Più che un'analisi musicale - per la quale non ho gli strumenti (è il caso di dirlo), e che, francamente, sarebbe scontato: per dire, vai a trovare un interista che, se in nerazzurro fosse arrivato Xavi, avrebbe storto il naso - mi intriga quella sul piano umano. Barenboim mi aveva affascinato qualche anno fa, quando lo vidi su Rai3 con la West Eastern Divan Orchestra in una serata che il servizio pubblico dovrebbe fare almeno una volta a settimana. Come i grandissimi sanno fare - Leonard Bernstein, per fare un nome - sapeva raccontare la musica. E il racconto della musica, si sa, è ciò che manca per consentirle di raggiungere il più ampio dei possibili pubblici.

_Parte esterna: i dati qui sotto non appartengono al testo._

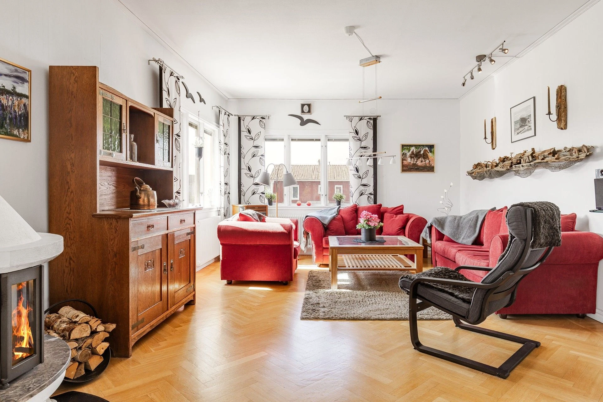 Uppvärmning: Bergvärme och kompletterande luft/luftvärmepump och kamin.

Inoltre, Barenboim è un separatore, strenuo difensore di Richard Wagner. Il direttore è argentino di origini ebraiche, e ha passaporto israeliano. Pure, ha sempre sostenuto l'inesistenza dei legami tra la musica del tedesco, l'antisemitismo e il Nazionalsocialismo. Fu lui, e non altri, a dirigere nel 2001 in Israele il preludio di Tristan und Isolde, sdoganando Wagner in terra ebraica. Questo significa una cosa sola: "apertura mentale". La Scala non potrà che beneficiarne.
Poi, Barenboim non è solo un grande direttore ma anche uno degli interpreti più accreditati di Beethoven e delle sue sonate. Le eseguì tutte - sono 32 - proprio alla Scala nel 2007. Qui sotto suona il secondo movimento della "Patetica".
Mettetevi comodi.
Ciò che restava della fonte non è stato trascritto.